=== Data shown ===
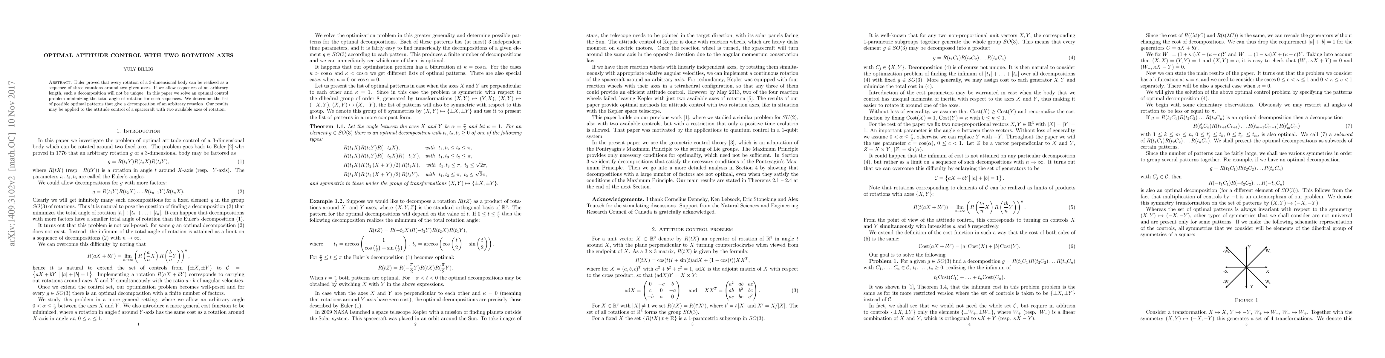 This paper solves an optimal control problem for decomposing 3D rotations into sequences of rotations around two axes, minimizing total rotation angle. Results can optimize spacecraft attitude control using two rotation axes.
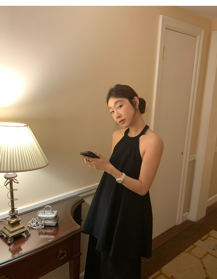 Versatile Neck Tank Top Elegant Midi Skirt Set
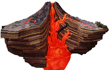 La lava i els altres materials que expulsa el volcà s’acumulen al voltant de l’orifici de sortida i formen una mena de turó que rep el nom de con volcànic. Secció esquemàtica de l’interior d’un volcà
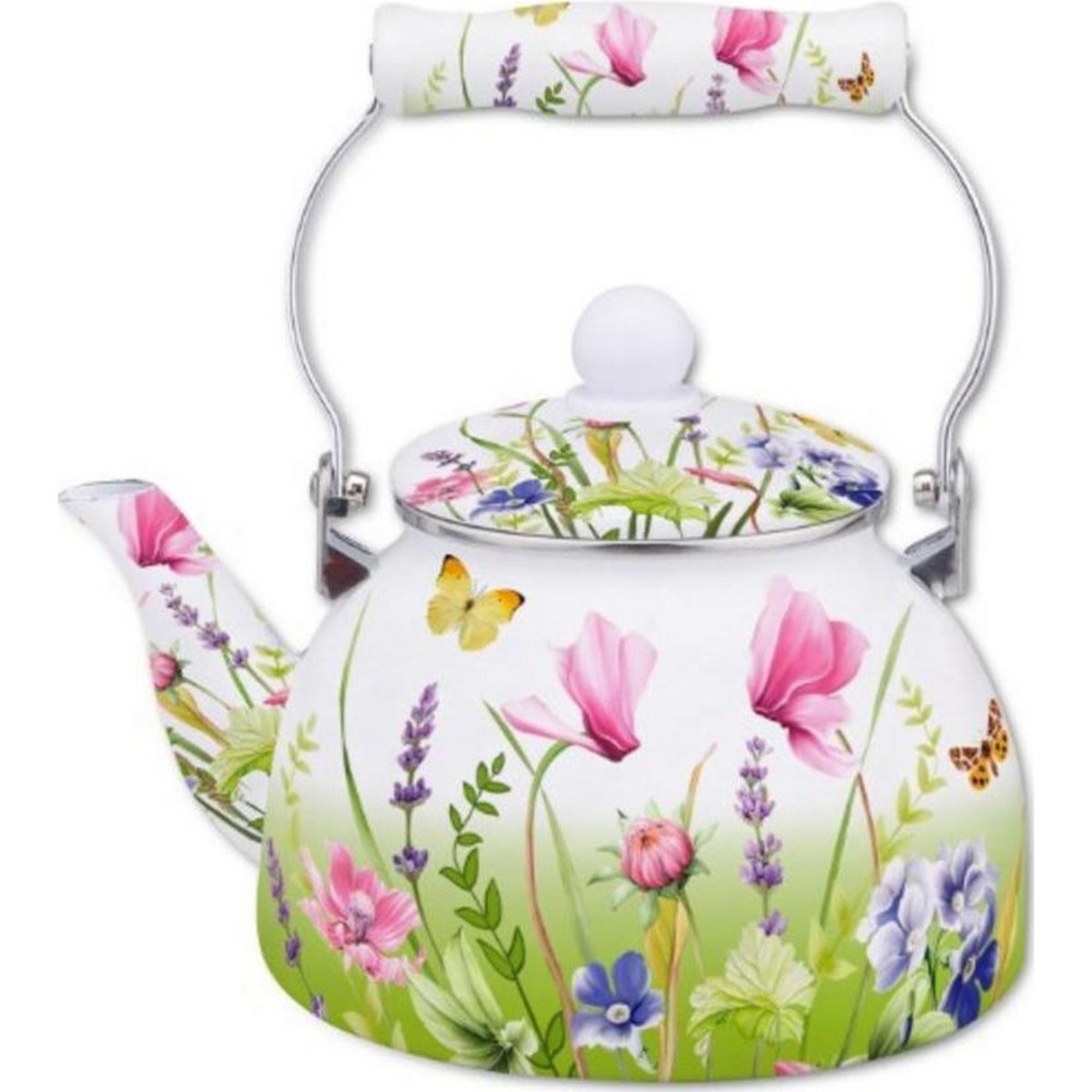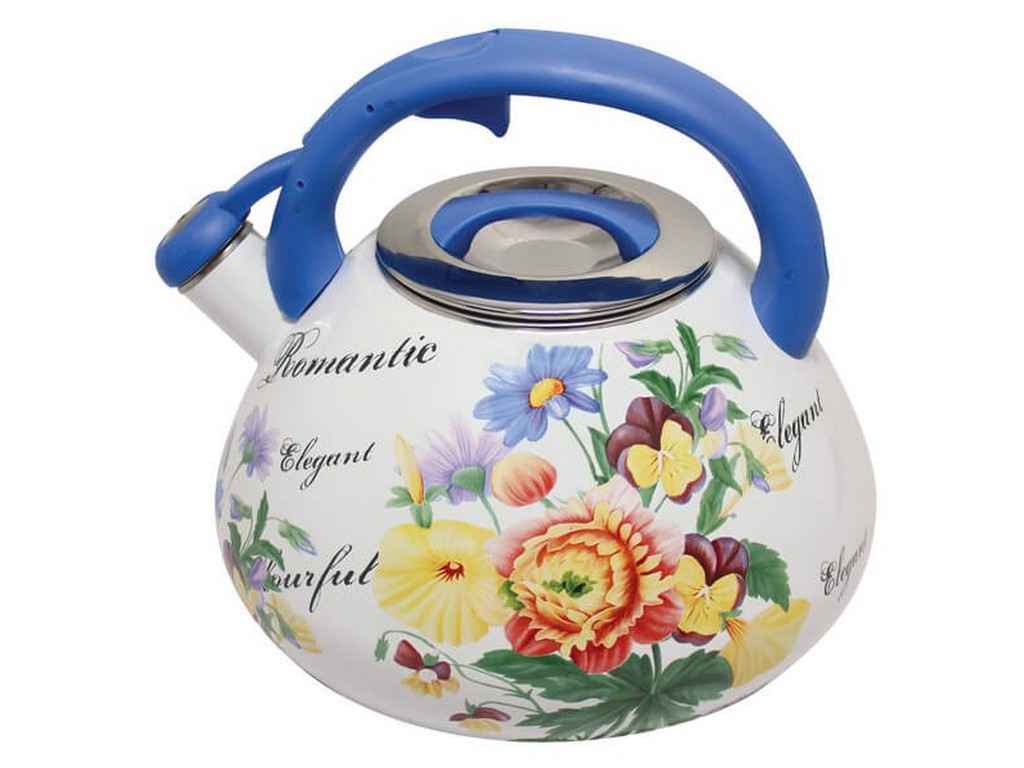 Le modèle en acier inoxydable émaillé a une belle couleur florale et est conçu pour 2,5 litres d'eau. Convient à la plupart des feux : gaz, vitrocéramique, induction et électrique. La hauteur du produit sans anse est de 12,5 cm, le fond a un diamètre de 18 cm Le récipient peut être lavé au lave-vaisselle.
===
### Work required
What is needed is an exact restatement of the lines from the line with "La lava i els" through the final line of the data, pictures excluded.

### Response to the task
 La lava i els altres materials que expulsa el volcà s’acumulen al voltant de l’orifici de sortida i formen una mena de turó que rep el nom de con volcànic. Secció esquemàtica de l’interior d’un volcà
 Le modèle en acier inoxydable émaillé a une belle couleur florale et est conçu pour 2,5 litres d'eau. Convient à la plupart des feux : gaz, vitrocéramique, induction et électrique. La hauteur du produit sans anse est de 12,5 cm, le fond a un diamètre de 18 cm Le récipient peut être lavé au lave-vaisselle.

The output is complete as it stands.